In part 1 we discussed model-parallelism
— fitting several models across the same data. We found that in some
cases we could eliminate repeated work, resulting in improved performance of
GridSearchCV
and RandomizedSearchCV
.
In part 2 we discussed patterns for data-parallelism — fitting a single model on partitioned data. We found that by implementing simple parallel patterns with a scikit-learn compatible interface we could fit models on larger datasets in a clean and standard way.
In this post we'll combine these concepts together to do distributed learning and grid search on a real dataset; namely the airline dataset. This contains information on every flight in the USA between 1987 and 2008. It's roughly 121 million rows, so it could be worked with on a single machine - we'll use it here for illustration purposes only.
I'm running this on a 4 node cluster of m3.2xlarge
instances (8 cores, 30 GB
RAM each), with one worker sharing a node with the scheduler.
from distributed import Executor, progress
exc = Executor('172.31.11.71:8786', set_as_default=True)
exc
<Executor: scheduler="172.31.11.71:8786" processes=4 cores=32>
I've put the csv files up on S3 for faster access on the aws cluster. We can
read them into a dask dataframe using read_csv
. The usecols
keyword
specifies the subset of columns we want to use. We also pass in blocksize
to
tell dask to partition the data into larger partitions than the default.

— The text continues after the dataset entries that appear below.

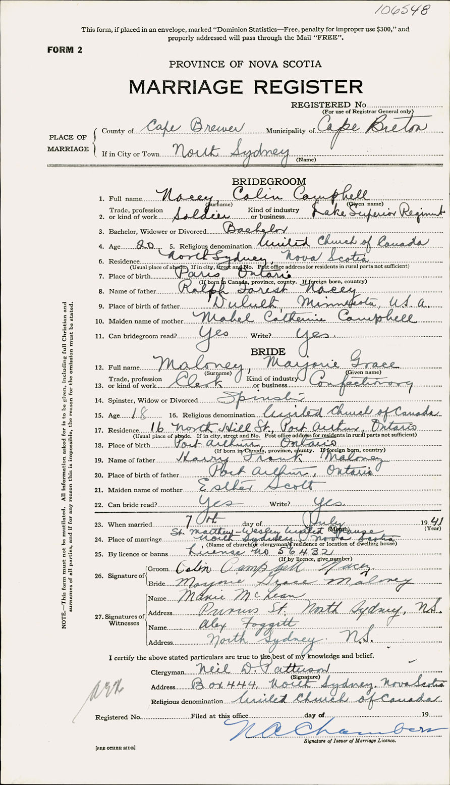 Registration: Year: 1941 number: 106548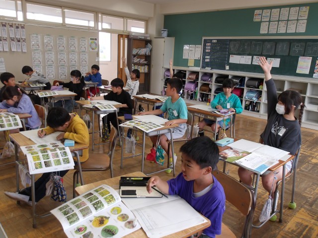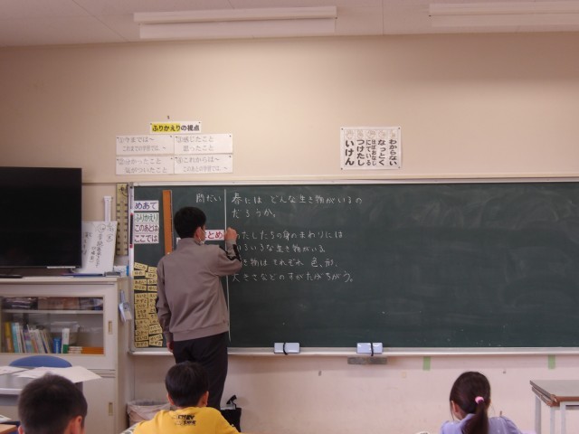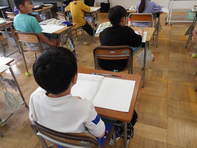 今週のはじめに、校庭に出て、生き物を見つけに行きました。それぞれが見つけた生き物を比べて、生き物の種類によって、大きさや色などが違うことに子どもたちは気付きました。しっかり観察してわかったことを文章でまとめることができました。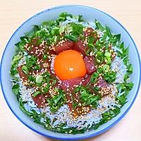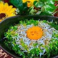 - 3 器にごはんをよそい、1、釜揚げしらす、小ねぎを盛り付け、真ん中に卵黄をのせます。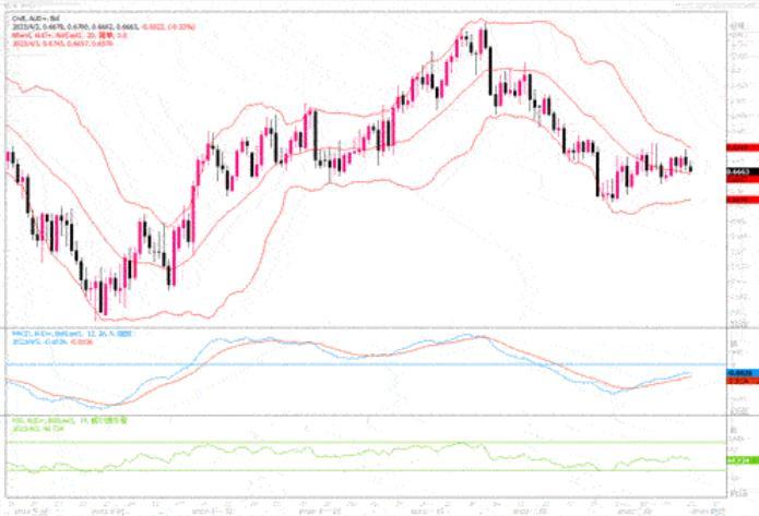 上周五(3月31日)澳元兑美元下跌0.46%,收盘于0.6682。澳洲三年期公债收益率本月下跌65个基点,为2012年来最大单月跌幅。2.94%的收益率也远低于3.6%的隔夜拆款利率。利率期货显示,澳洲央行在本周的4月政策会议上按兵不动的可能性为87%,且今年可能只剩下一次升息。这与3月初的情况大相径庭,当时预计利率将达到4.1%或更高。而现在越来越多机构预测利率将在3.6%水平触顶。如果后续数据表明澳洲的通胀仍旧呈粘性上升,那么就有可能破除市场对于澳联储鸽派加息甚至转而降息的预期,届时澳元或会得到相应的提振。4小时图上,澳元兑美元继续窄幅震荡,波动区间仍旧集中在0.6650-0.6730之间。预料在本周二澳联储利率会议前,都将维持这种窄幅震荡的走势。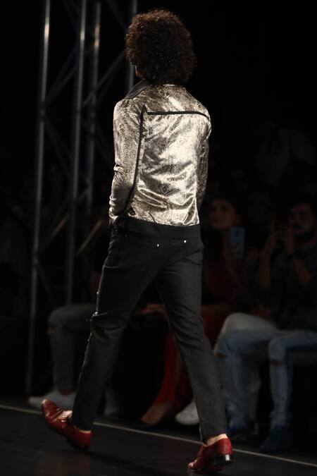 Buy_Manoviraj Khosla_Grey Velvet Printed Jacket_at_Aza_Fashions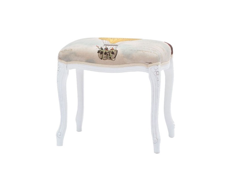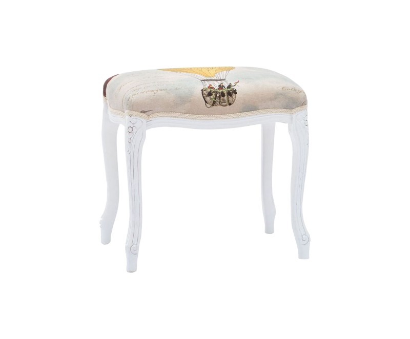 Pouff imbottito tessuto mongolfiera legno shabby bianco 43x33x43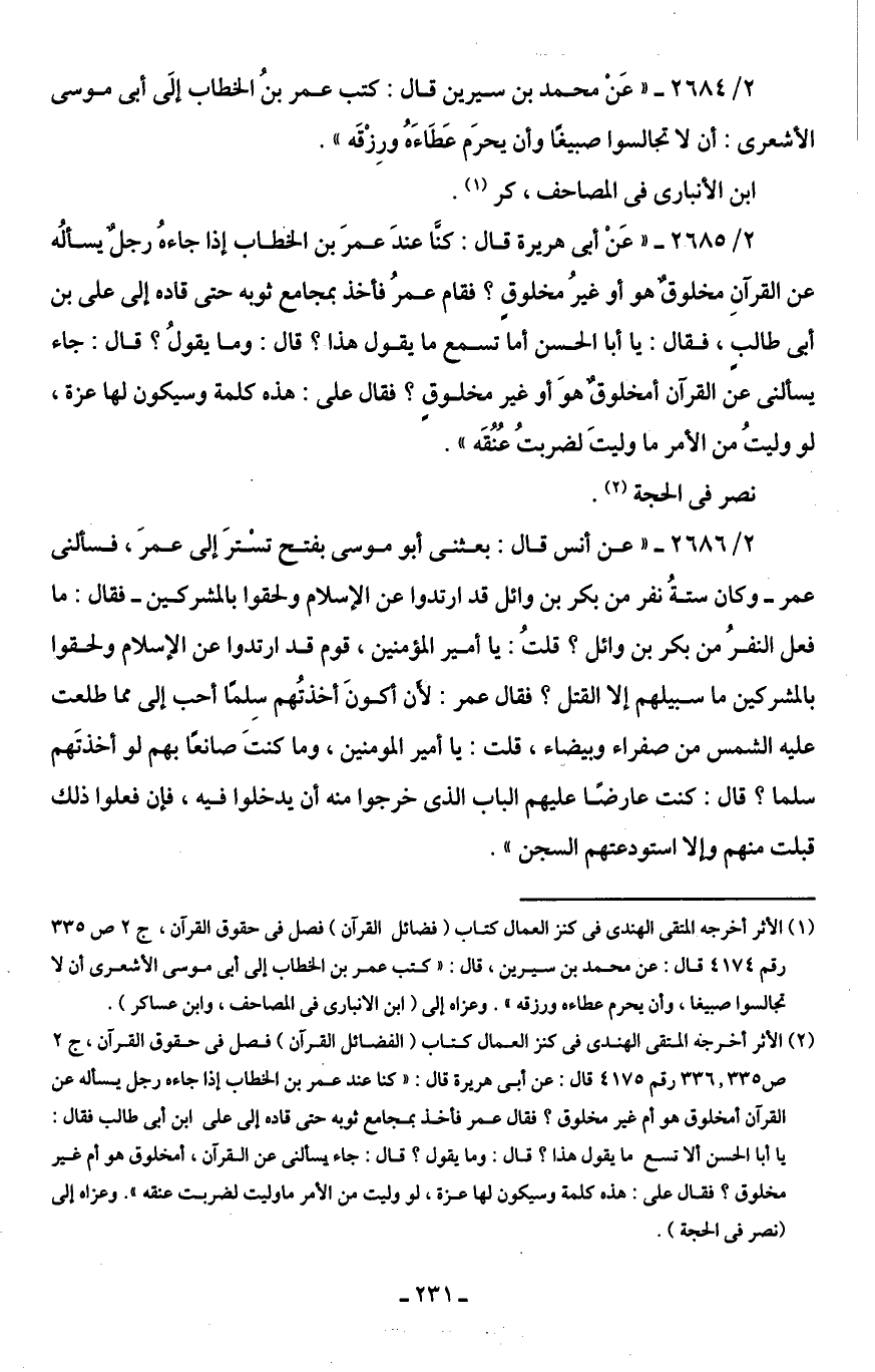 (¬2) الأثر أخرجه المتقى الهندى في كنز العمال كتاب (فضائل القرآن) فصل في حقوق القرآن، جـ 2 ص 335 , 336 رقم 4175 قال: عن أَبى هريرة قال: "كنا عند عمر بن الخطاب إذا جاءه رجل يسأله عن القرآن أمخلوق هو أم غير مخلوق؟ فقال عمر فأخذ بمجامع ثوبه حتى قاده إلى على ابن أَبى طالب فقال: يا أبا الحسن ألا تسمع ما يقول هذا؟ قال: وما يقول؟ قال: جاء يسألنى عن القرآن، أمخلوق هو أم غير مخلوق؟ فقال على: هذه كلمة وسيكون لها عزة، لو وليت من الأمر ما وليت لضربت عنقه". وعزاه إلى (نصر في الحجة).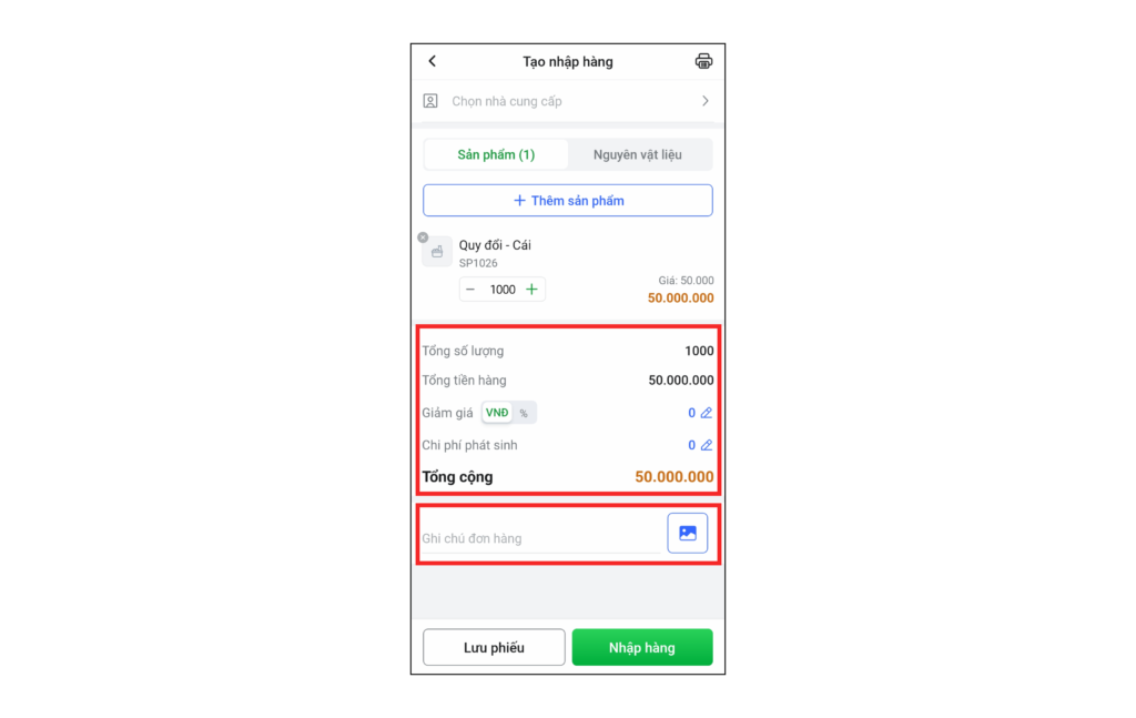 - Ghi chú đơn hàng: Bạn viết ghi chú ở đây và có thể lưu lại ảnh hàng hoá nhập kho hoặc ảnh chứng từ do nhà cung cấp gửi.

import dask.dataframe as dd
# Subset of the columns to use
cols = ['Year', 'Month', 'DayOfWeek', 'DepDelay',
'CRSDepTime', 'UniqueCarrier', 'Origin', 'Dest']
# Create the dataframe
df = dd.read_csv('s3://dask-data/airline-data/*.csv',
usecols=cols,
blocksize=int(128e6),
storage_options=dict(anon=True))
df
<dd.DataFrame<from-de..., npartitions=104>
Note that this hasn't done any work yet, we've just built up a graph specifying where to load the dataframe from. Before we actually compute, lets do a few more preprocessing steps:
Create a new column "delayed"
indicating whether a flight was delayed
longer than 15 minutes or cancelled. This will be our target variable when
fitting the estimator.
Create a new column "hour"
that is just the hour value from "CRSDepTime"
.
Drop both the "DepDelay"
column (using how much a flight is delayed to
predict if a flight is delayed would be cheating :) ), and the "CRSDepTime"
column.
These all can be done using normal pandas operations:
df = (df.drop(['DepDelay', 'CRSDepTime'], axis=1)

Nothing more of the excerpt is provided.